Dutch agree to subsidise Rotterdam carbon capture project with €2bn
The Dutch government has allocated €2bn to a project to capture and store carbon dioxide in an empty gas chamber under the North Sea, broadcaster NOS reported on Monday, quoting Shell and Rotterdam port sources.
The Porthos project, which involves four companies based in the port area, will be the first large scale carbon capture scheme in the Netherlands. The 2019 government-brokered climate agreement states that half of the reduction in carbon emissions by industry could be done using the process.
At the moment companies pay for the right to emit carbon dioxide – currently around €50 a tonne. According to Rotterdam port authority calculations, capture and storage would cost around €80 a tonne. This means the government will pick up the difference and the subsidy will drop as the price of carbon emissions rise.

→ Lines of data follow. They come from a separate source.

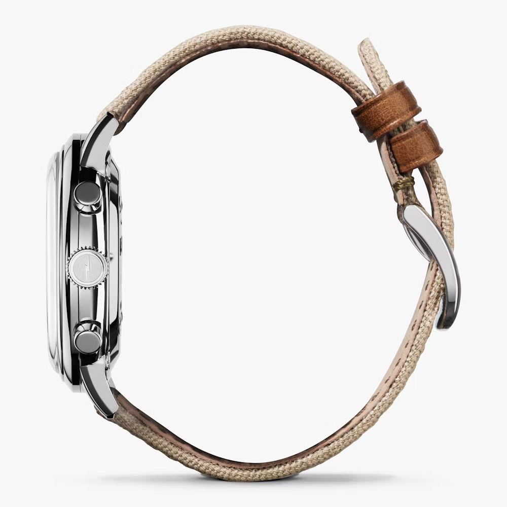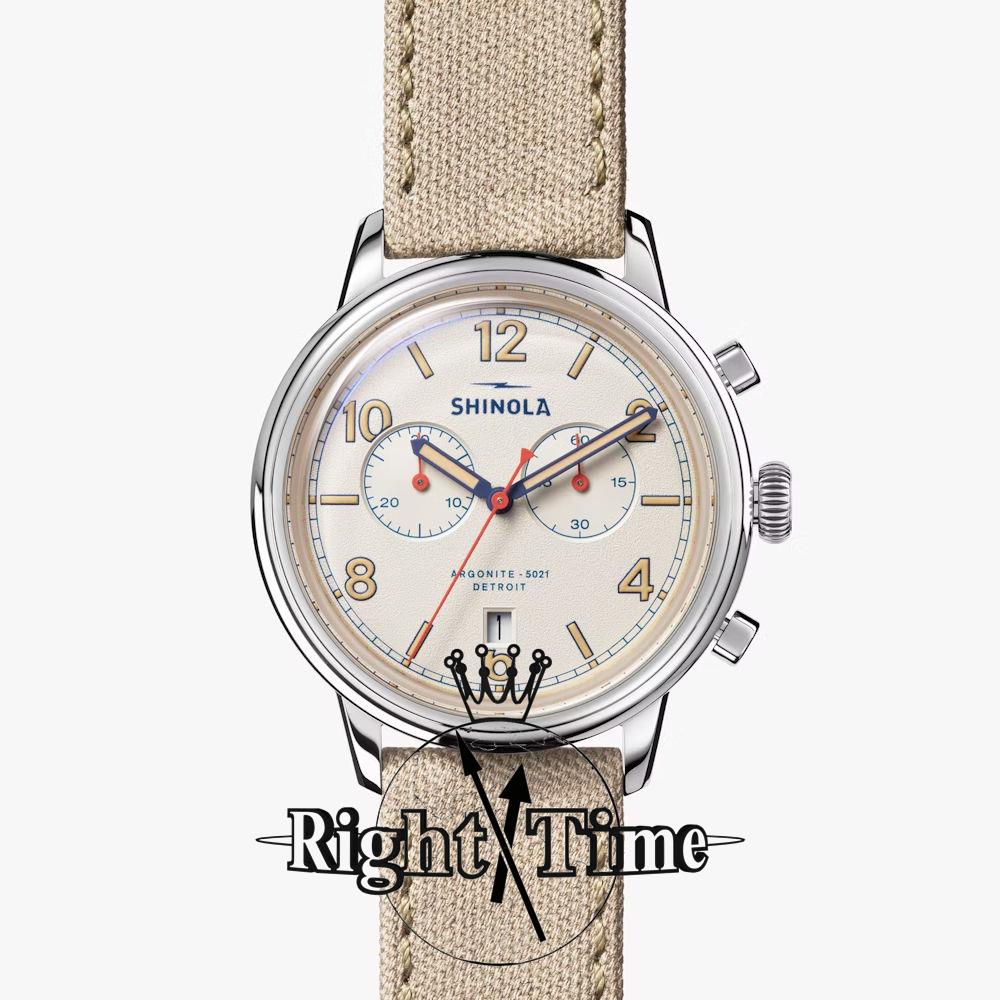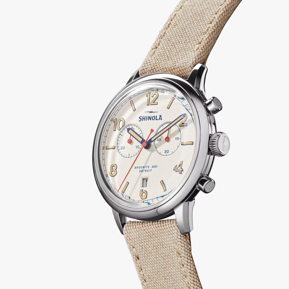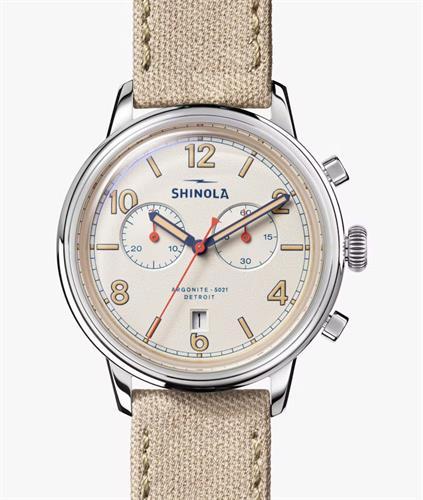 Shinola Detroit Traveler Collection Model S0120245785 powered by quarts chronograph movement. Alabaster dial with luminous Arabic numerals. Comes in 42mm stainless steel case on Dune color canvas strap.
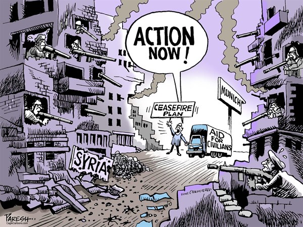 أما عن قرار وقف إطلاق النار في سوريا فسخر موقع “بولتيكال كارتونز” بهذا الرسم:
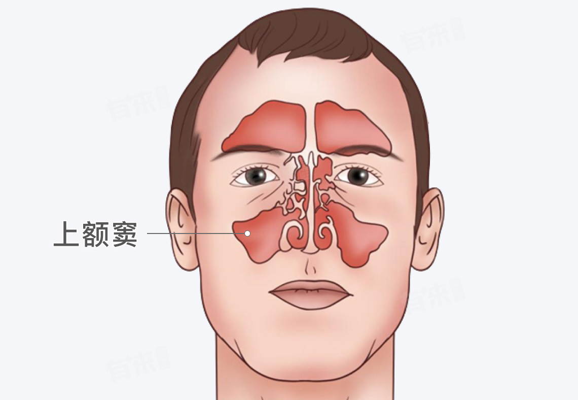 上颌窦是位于上颌骨体内的一对鼻旁窦,具体位置在鼻子旁边的脸颊区域,处于两侧脸颊下方、牙齿上方,形状像金字塔或三角锥体形。上颌窦还可能发生多种疾病,因此保护其健康对于维护整体健康至关重要。

At the end of last year, Shell, ExxonMobil, Air Liquide and Air Products announced plans to apply for the Dutch government subsidy and said that by 2024, some 2.5 megatonnes of carbon dioxide could be stored in the empty gas chambers.
The infrastructure to reach the gas chamber, some 20 kilometres off the coast, will be put in place by the port, Gasunie and energy group EBN with the aid of European funding.
Critics
Earlier efforts to capture and store carbon emissions in the Netherlands have come to nothing. One plan, also involving Shell, was abandoned after protests by locals.
Shell is currently involved in other CCS projects in Canada and Norway.
Environmental group Greenpeace, which did not sign the Dutch climate agreement, says CCS is an expensive way to delay making real improvements to cut pollution.